Holy Smokes that is a dandy!!!
Mark thats awesome!!


----------



## Jayin J (Oct 3, 2011)

I am very impressed.....I have never seen a deer like that while huntin'......


----------



## dm/wolfskin (Oct 3, 2011)

Good looking buck. Congrats. Mike


----------



## Bubbaforsure (Oct 3, 2011)

That is one AWSOME looking buck....
Congrat's.....Ya done good and my hats off to ya for sticking with it...


----------



## rapid fire (Oct 3, 2011)

Thanks guys, I am very blessed to get the opportunity to hunt a piece of property that has bucks like this on it.  I have passed up a lot of deer the last 3 weeks waiting on one.  My wife told me last night that I was being too picky, so I decided to shoot one this morning.  I will wear the red hat now and see what happens when i throw in some red hat mojo.  This buck has a torn ear and cut on his side where he has been whipped by another.
Jerry, not sure but I know it fits me like a glove.
Barry, daddy made me smile for all the pics but the one with my boy.  I smiled on my own for that one.


----------



## Bubbaforsure (Oct 3, 2011)

rapid fire said:


> Thanks guys, I am very blessed to get the opportunity to hunt a piece of property that has bucks like this on it.  I have passed up a lot of deer the last 3 weeks waiting on one.  My wife told me last night that I was being too picky, so I decided to shoot one this morning.  I will wear the red hat now and see what happens when i throw in some red hat mojo.  This buck has a torn ear and cut on his side where he has been whipped by another.
> Jerry, not sure but I know it fits me like a glove.
> Barry, daddy made me smile for all the pics but the one with my boy.  I smiled on my own for that one.

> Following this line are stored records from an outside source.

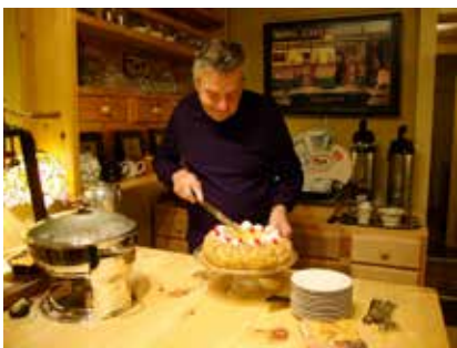
Cutting some cake at the Porsche Drive and Dine Dinner Gable Haus event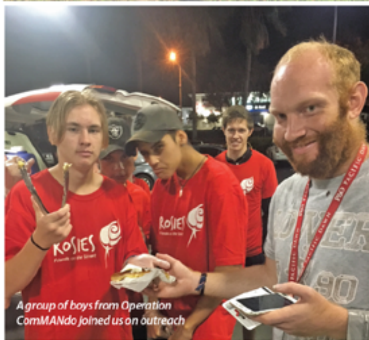
A group of boys from Operation ComMANdo joined us on outreach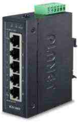
Un-Managed Ethernet Switch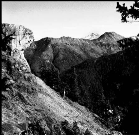
Battle Ax Mountain, Oregon

Sweet Momories for sure...Nothing like having you kids with ya...!


----------



## TNGIRL (Oct 3, 2011)

Goodness that's a fine buck Mark!!! congrates on him.....  So your Dad might have had a shot at the buck if he hadn't been moved???: LOL!!!


----------



## j_seph (Oct 3, 2011)

good grief, nice buck and nice story, I was reading and expecting a decent 6 or 8 pointer. You nailed him man and congrats again


----------



## GAGE (Oct 3, 2011)

That is a stud of a buck,  many congrats man!


----------



## charlie 2 arrow (Oct 3, 2011)

WOW  WHEEEEEE!!!! great story, great shot, great buck.Congratulations!!!


----------



## jhamilt (Oct 3, 2011)

Awesome buck, great story!


----------



## gtfisherman (Oct 3, 2011)

Now that boys and girls is a HOSS! Awesome deer! GREAT STORY!!! 

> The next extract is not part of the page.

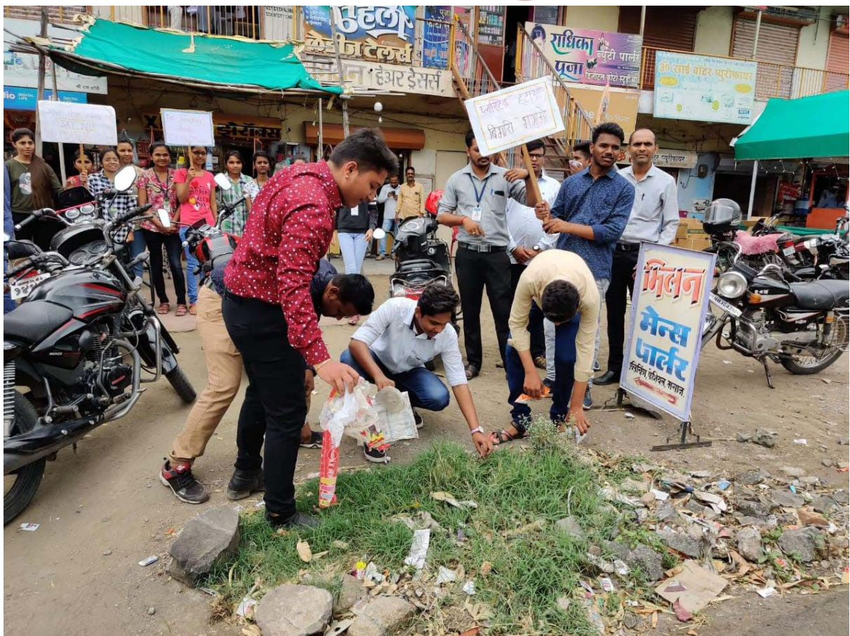
Collection of plastic waste during the rally

PRAVARA RURAL EDUCATION SOCIETY'S PRAVARA RURAL COLLEGE OF PHARMACY

And I can't wait for the day I help my son move my stand so he can do that... God Bless you and your Dad!


----------



## rapid fire (Oct 3, 2011)

For those that don't remember.  I helped daddy put his stand in the previous location, where he killed a 155" 8 pt two years ago.  This one scores 151 1/8" with deductions.


----------



## longbowdave1 (Oct 3, 2011)

Great job on the buck Mark!


----------



## Dustin Pate (Oct 3, 2011)

That is one fine job!


----------



## TNGIRL (Oct 3, 2011)

rapid fire said:


> For those that don't remember.  I helped daddy put his stand in the previous location, where he killed a 155" 8 pt two years ago.  This one scores 151 1/8" with deductions.

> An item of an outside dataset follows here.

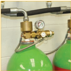
Quick-Connect Actuation Hoses

Compared with other high pressure inert gas systems, our series 400 valve regulates flow and pressure to allow the use of Schedule 40 piping for many applications. Installation time and labor costs are further reduced with the use of pre-fabricated manifolds, quick-connect actuation hoses and electrical connectors.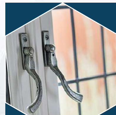
PREMIUM QUALITY DOORS

Mark...not sure what I ate yesterday for breakfast, how am I suppose to keep up with where you put your poor poor dear Daddy finally to hunt in the cold wind???????


----------



## 2wheelfoster (Oct 3, 2011)

WOW! Great buck and a great story! Congrats!


----------



## gurn (Oct 3, 2011)

Holy smokes thats ah dandy!!


----------



## JNP1978 (Oct 3, 2011)

Good Job. I can now see why you were waiting and being picky. You know me shoot first ask questions later. You Willingham's know how to make it count..


----------



## hogdgz (Oct 3, 2011)

Way to go Mark, thats an amazing buck, all I can say is WOW!!!


----------



## Necedah (Oct 3, 2011)

WOW.....WOW.....WOW
What a great buck!
Congratulations Mark  

Dave


----------



## pine nut (Oct 3, 2011)

Mark!  Mark! Mark!  NOW that right there is a HAPPY FACE you are showing!  Congrats on a great hunt, DEER and story!  Well done.  Man you guys are laying them down!


----------



## onemoretime (Oct 3, 2011)

way to go nice


----------



## robert carter (Oct 3, 2011)

Super Buck Mark and heck of a good shot.RC


----------



## LongBow01 (Oct 3, 2011)

Good huntin man and nice Buck!!


----------



## kg4ghn (Oct 3, 2011)

That is a beast!

That story is an inspiration to me on where I eventually want to be as a hunter.


----------



## Apex Predator (Oct 3, 2011)

Wow Mark, I don't know if I can find the right words!  Wow!  Great job man!


----------



## the ben pearson hunter (Oct 3, 2011)

Dadgum. Thats a buck and a half right there now ain't it?


----------



## Allen Oliver (Oct 3, 2011)

Congrats Mark. That is proof that GOOD Things come to those who wait.


----------



## belle&bows (Oct 4, 2011)

Awesome buck !!!Well done and congrats!!


----------



## Ellbow (Oct 4, 2011)

Rapid Fire, I think you can call it quits for the season. No need to go back in the woods! That is one fine harvest! Nice job and way to stick with it! Glad things are turning around for you!
El


----------



## BowanaLee (Oct 4, 2011)

Wow, niceun !


----------



## SOS (Oct 4, 2011)

Just gorgeous!!!!


----------



## DAGATOR16 (Oct 5, 2011)

Mark, that's an awesome buck. Really glad you were able to cross paths with that monster.


----------



## undertaker84 (Oct 5, 2011)

Nice job!


----------



## Da Possum (Oct 5, 2011)

That sure is a pretty buck.  Congrats to you!


----------



## Meriwether Mike (Oct 5, 2011)

Fine buck. Congrats on the success!


----------



## markland (Oct 5, 2011)

Awesome buck Mark and he looks alot bigger in those pics then the txt msg I got and I thought he was huge in that one!!!  Congrats and so proud for you!


----------



## snakekiller (Oct 6, 2011)

great buck Mark I'm proud for you


----------



## AMB (Oct 6, 2011)

Great story, Great buck, Great shot!


----------



## rapid fire (Oct 7, 2011)

kill pic added


----------



## Al33 (Oct 7, 2011)

rapid fire said:


> kill pic added



Great kill pic Mark, thanks for posting it up. I recognize the bark on that tree in the foreground and know exactly where it grows.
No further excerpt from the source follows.